【LeetCode】63. Unique Paths II

问题描述

https://leetcode.com/problems/unique-paths-ii/#/description

Follow up for "Unique Paths":

Now consider if some obstacles are added to the grids. How many unique paths would there be?

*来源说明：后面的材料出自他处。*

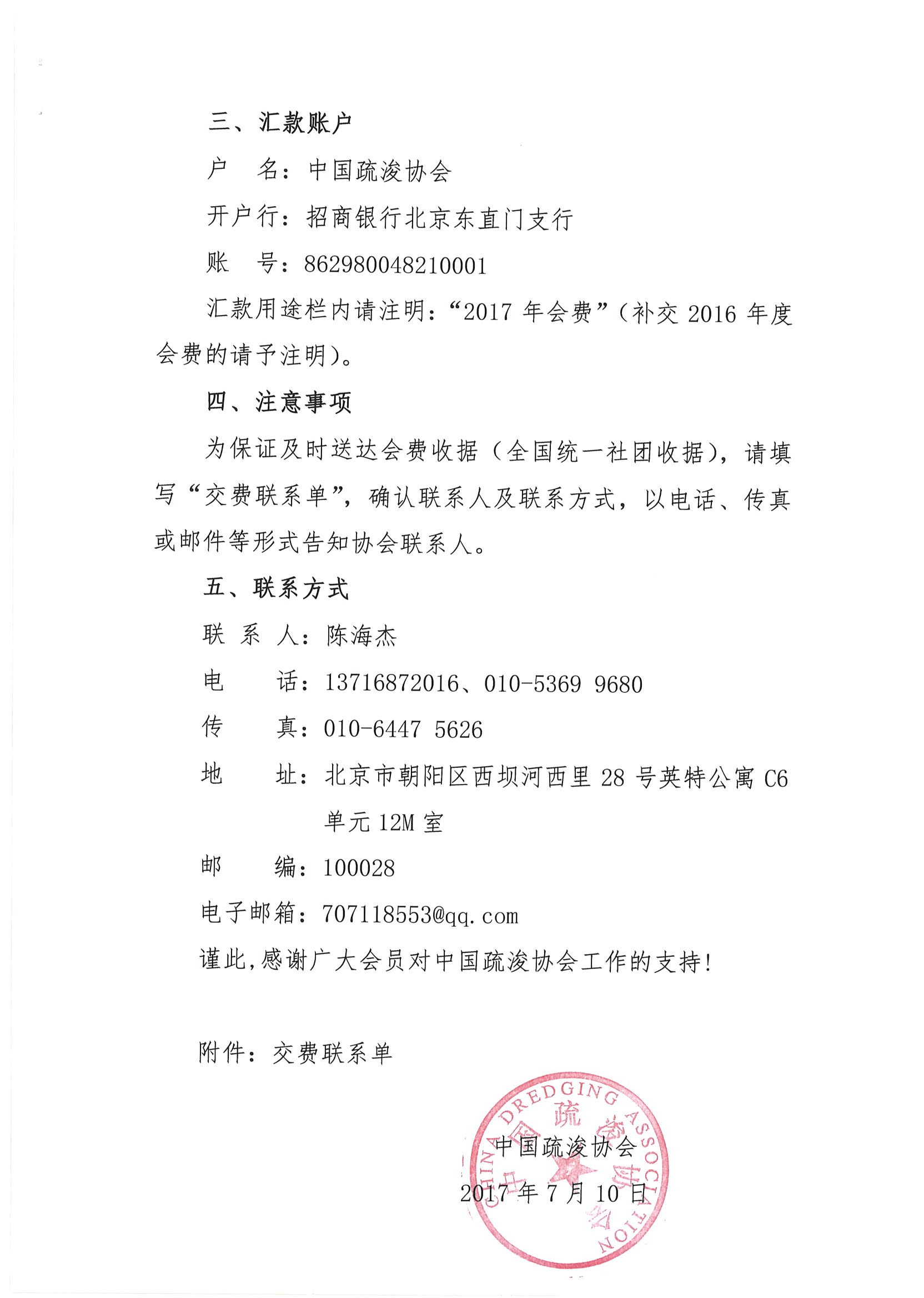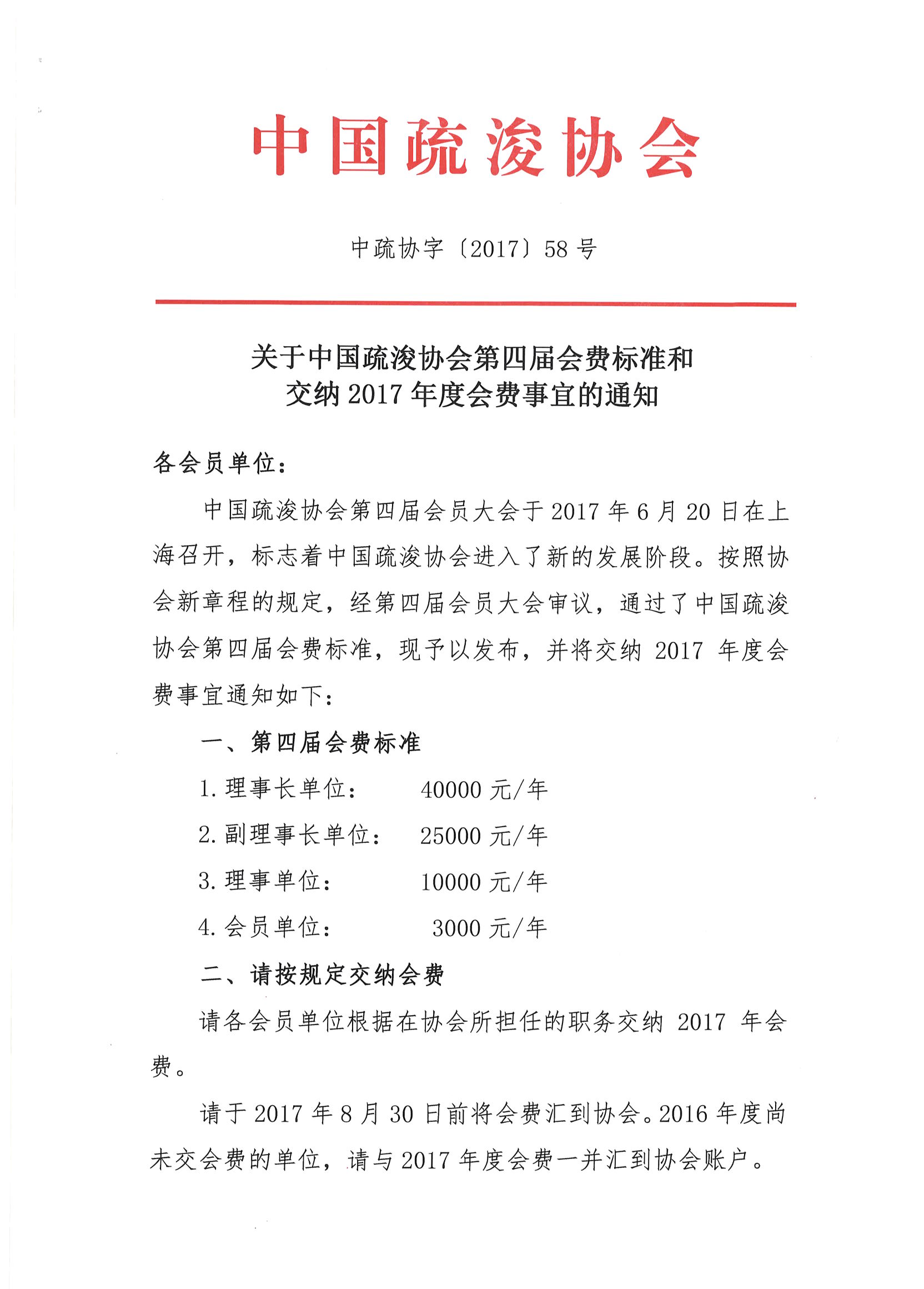 关于中国疏浚协会第四届会费标准和交纳2017年度会费事宜的通知

An obstacle and empty space is marked as 1 and 0 respectively in the grid.

For example,
There is one obstacle in the middle of a 3x3 grid as illustrated below.

[
  [0,0,0],
  [0,1,0],
  [0,0,0]
]

The total number of unique paths is 2.

Note: mand n will be at most 100.

算法

设f(i,j)是从(0,0)到(i,j)的路径数
同Unique Paths差不多，只是多了一个障碍物的判断

1. f(0,0) = (0,0) is obstacles ?0:1
2. f(0,j) = (0,j) is obstacles ?0:f(0,j-1), 0<j<n
3. f(i,0) = (i,0) is obstacles ?0:f(i-1,0), 0<i<m
4. f(i,j) = (i,j) is obstacles ?0:f(i-1,j) + f(i, j-1), i>=1 & j>=1

代码

        public int uniquePathsWithObstacles(int[][] obstacleGrid) {
	        int m = obstacleGrid.length;
	        if(m==0) return 0;
	        int n = obstacleGrid[0].length;
	        if(n==0) return 0;
	        int[][] f = new int[m][n];
	        f[0][0] = obstacleGrid[0][0]==1?0:1;
	        // 第一行
	        for(int j=1;j<n;j++) {
	        	f[0][j] = obstacleGrid[0][j]==1?0:f[0][j-1];
	        }
	        // 第一列
	        for(int i=1;i<m;i++) {
	        	f[i][0] = obstacleGrid[i][0]==1?0:f[i-1][0];
	        }
	        for(int i=1;i<m;i++) {
	        	for(int j=1;j<n;j++) {
	        		f[i][j] = obstacleGrid[i][j]==1?0:f[i-1][j] + f[i][j-1];
	        	}
	        }
	        return f[m-1][n-1];
	    }